I am having a difficult time understanding the statement of the inheritance principle as presented in Pugh's Real Mathematical Analysis. First, let me clarify the notation: $A_r(p)$ or$A_r p$ is the same thing and just means the $r$ - neighborhood of a point $p$ with elements exclusively from the set $A$. Here comes the statement (and proof so you have a bit more context):
Every metric subspace $N$ of $M$ inherits its topology from $M$ in the sense that each subset $V\subset N$ which is open in $N$ is actually the intersection $V=N\cap U$ for some $U\subset N$ that is open in $M$ and vice versa.
Proof: It all boils down to the fact that for each $p\in N$ we have $N_r(p) = N ∩ M_rp$. After all, $N_r(p)$ is the set of $x ∈ N$ such that $d_N (x, p) < r$ and this is exactly the same as the set of those $x ∈ M_rp$ that belong to $N$. Therefore N inherits its r-neighborhoods from $M$. Since its open sets are unions of its r-neighborhoods, $N$ also inherits its open sets from $M$.
In more detail, if $V$ is open in $N$ then it is the union of those $N_rp$ with $Nrp ⊂ V$ . Each such $N_rp$ is $N ∩ M_rp$ and the union of these $M_rp$ is $U$, an open subset of $M$. The intersection $N ∩ U$ equals $V$ . Conversely, if $U$ is any open subset of $M$ and $p ∈ V = N ∩ U$ then openness of $U$ implies there is an $M_rp ⊂ U$. Thus $N_rp = N ∩ M_rp ⊂ V$ , which shows that $V$ is open in $N$.
Here I already had trouble understanding the statement he's trying to prove.
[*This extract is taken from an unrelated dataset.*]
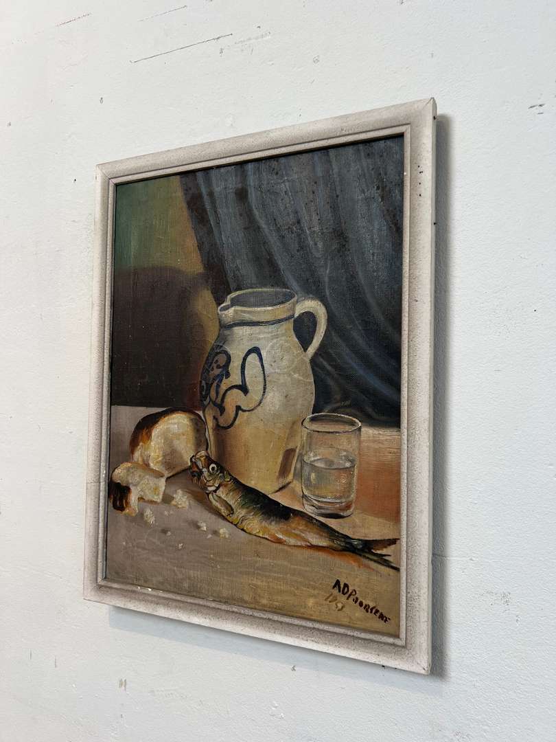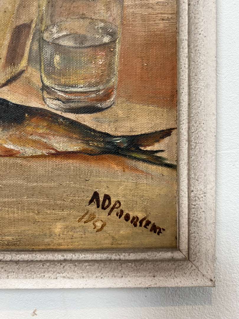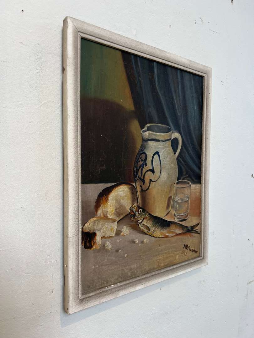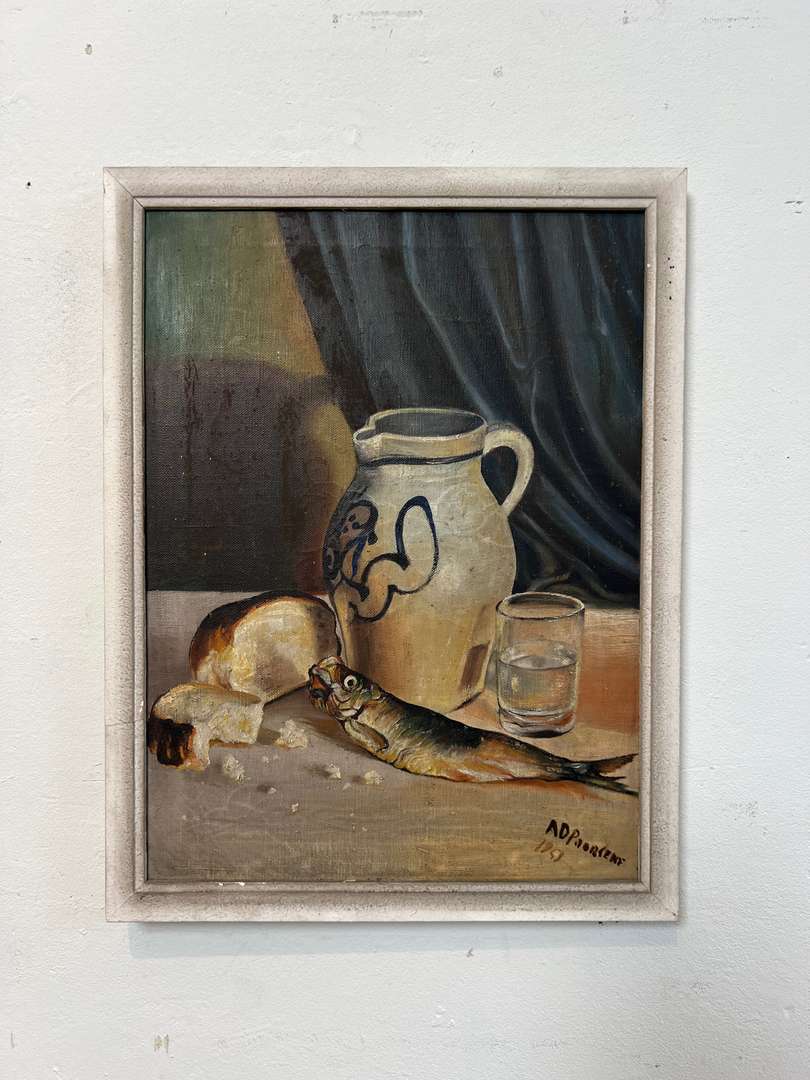 Tableau années 40 65 €Livraison france offerte Ajouter au panierPetit tableau des années 40 représentant une nature morte avec un pichet, du pain et un poisson. Joli témoignage d’époque, signé et présenté dans son cadre d’origine. #tableauancien #naturemorte #annees40DimensionsLargeur33.5 cmProfondeur2 cmHauteur43.5 cmRenseignementsRéférence2550012

Luckily the proof sheds some more light but I am still not quite sure so here is the way I understand it:
Condition: Let $M$ be a metric space, let $N\subset M$, let $V\subset N$.
Implication: $V$ is open in $N$ $\Longleftrightarrow$ There is a $U\subset M$ which is open in $M$ such that $V = N\cap U$
- Did I understand the statement correctly?
My second question revolves around the application of the inheritance principle to closed sets. The book states the following:
Corrollary: Every metric subspace of $M$ inherits its closed sets from $M$.
Proof: [...]The proof of this statement consists of two words: "Take complements".
My own proof of this statement goes as follows:
Suppose $V$ is closed in $N$. Then its complement in $N$ is open, hence $V^c = N\cap U$ for some $U$ open in $M$.Hence $V = (V^c)^c = (N\cap U)^c = N^c \cup U^c$ by DeMorgan's laws. Since $\forall x\in V$ it must hold that $x\in N$ it can't be that there are any $x\in N^c$, hence it follows trivially that $V = U^c$. (Now the problematic part) Since $U$ is open in $M$ though, $U^c$ is closed in M while being fully contained in $N$, hence $V = U^c = N\cap U^c$.
Here my second question already arises. At the beginning of the proof, I already said that I am considering the complement with respect to the set $N$. However, towards the end of the proof I am using $U^c$ and I don't know whether or not $U^c$ is closed/open in $M$ or closed/open in $N$. Can someone shed a light on this?
Also for the backwards direction of the proof I'm pretty much lost, I don't know how to show that. I have another tentative proof ready but I am quite unhappy with this one for the same reasons:
Suppose $V = N\cap K$ for some set $K$ closed in $N$. It follows for its complement with respect to $N$ that $V^c = N^c \cup K^c$, and since it is the relative complement it follows that $V^c \subset N$. Hence by the same reasoning as in the proof before $V^c = K^c$, and since $K^c$ open it follows that $K$ is closed, so $V$ is closed.
I am aware of the flaws in this proof. Thus any detailed feedback on where my thought patterns "went wrong" and answers to any of the two questions above would be greatly appreciated!